-- Source information follows --

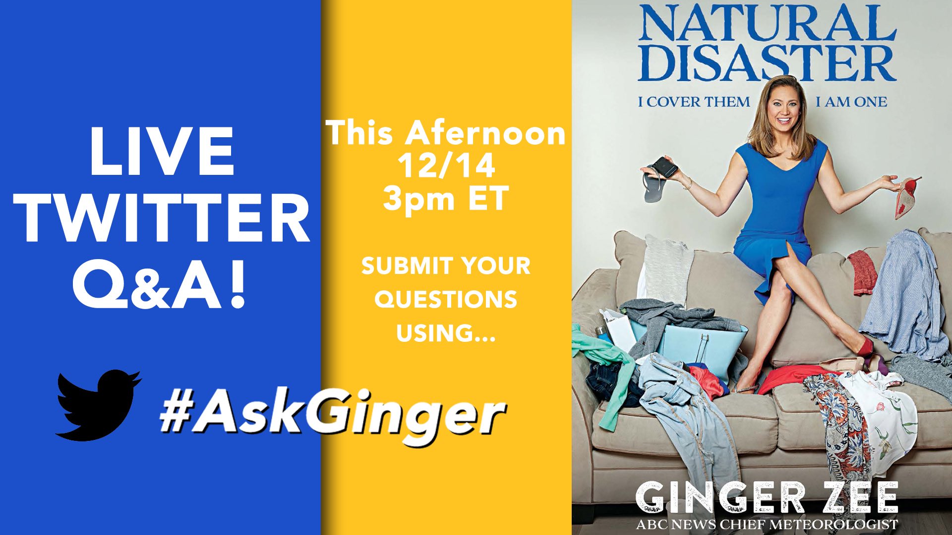ABC News chief meteorologist Ginger Zee pulls back the curtain on her life in Natural Disaster. ABC News chief meteorologist Ginger Zee pulls back the curtain on her life in Natural. Natural Disaster page 1 Select Voice.
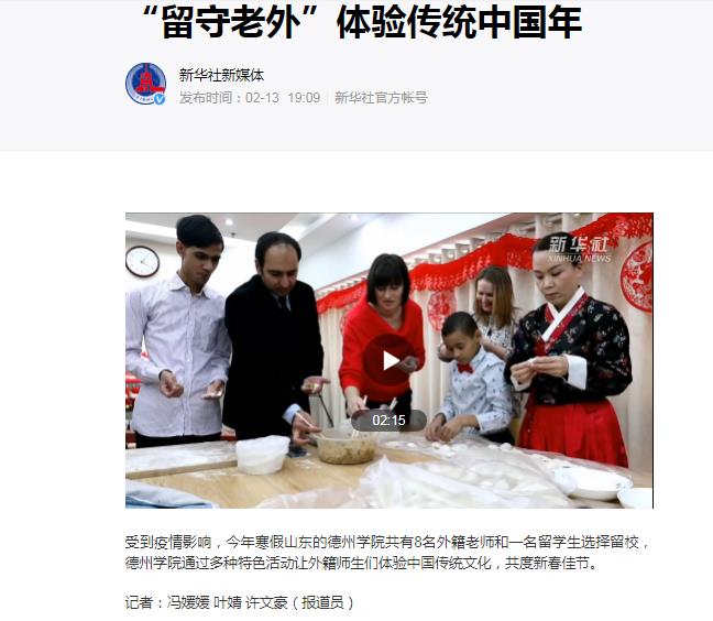 受到疫情影响,今年寒假122cc太阳集成共有8名外籍老师和1名留学生留校。2月10日下午,学院的老师和他们一起来包水饺。新华社对此进行报道,阅读量超过100万。
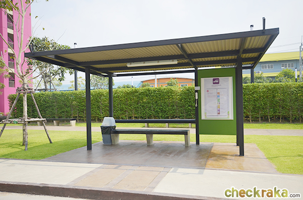 ส่วนกลางที่ให้มานั้นครบครันมากค่ะ เหมาะสมกับจำนวนยูนิตที่มีอยู่ โดยหลักๆ แล้วส่วนกลางจะรวมกันอยู่ที่อาคารนันทนาการ (ระหว่างอาคาร D1 และ D2) และมีอยู่ที่อาคารจอดรถ P1 ด้วยค่ะ อย่างที่ทราบกันว่าโครงการมีพื้นที่ใหญ่มาก ดังนั้นทางโครงการจึงจัดให้มีรถบริการรับส่งภายในโครงการด้วยค่ะ โดยจะจอดรับตามป้ายหยุดรถรับส่งตามจุดที่กำหนด ราคาอยู่ที่ 5 บาทตลอดสาย
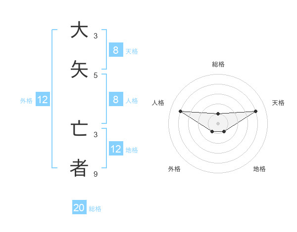 大矢 亡者さんを姓名の画数から五運を鑑定
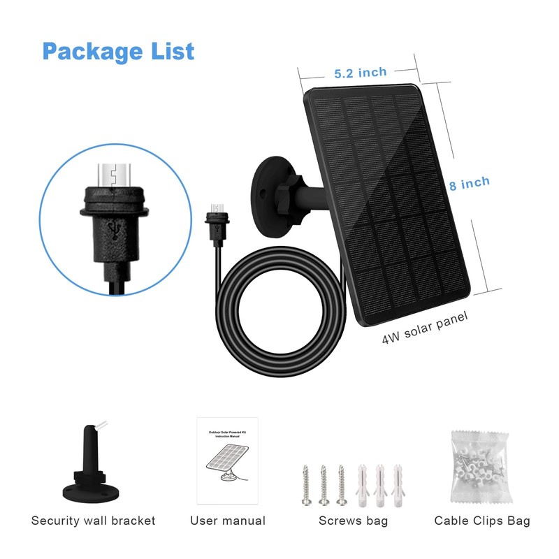 - Package includes: 1 x solar panel for flashing camera, 1 x waterproof rubber plug, 1 x 360° adjustable wall mount, 1 x cable clamp bag, 1 x screw bag, 1 x user manual (English language not guaranteed).

-- Source information concluded --

Without including any image, reproduce the full listing above as written.

ABC News chief meteorologist Ginger Zee pulls back the curtain on her life in Natural Disaster. ABC News chief meteorologist Ginger Zee pulls back the curtain on her life in Natural. Natural Disaster page 1 Select Voice.
 受到疫情影响,今年寒假122cc太阳集成共有8名外籍老师和1名留学生留校。2月10日下午,学院的老师和他们一起来包水饺。新华社对此进行报道,阅读量超过100万。
 ส่วนกลางที่ให้มานั้นครบครันมากค่ะ เหมาะสมกับจำนวนยูนิตที่มีอยู่ โดยหลักๆ แล้วส่วนกลางจะรวมกันอยู่ที่อาคารนันทนาการ (ระหว่างอาคาร D1 และ D2) และมีอยู่ที่อาคารจอดรถ P1 ด้วยค่ะ อย่างที่ทราบกันว่าโครงการมีพื้นที่ใหญ่มาก ดังนั้นทางโครงการจึงจัดให้มีรถบริการรับส่งภายในโครงการด้วยค่ะ โดยจะจอดรับตามป้ายหยุดรถรับส่งตามจุดที่กำหนด ราคาอยู่ที่ 5 บาทตลอดสาย
 大矢 亡者さんを姓名の画数から五運を鑑定
 - Package includes: 1 x solar panel for flashing camera, 1 x waterproof rubber plug, 1 x 360° adjustable wall mount, 1 x cable clamp bag, 1 x screw bag, 1 x user manual (English language not guaranteed).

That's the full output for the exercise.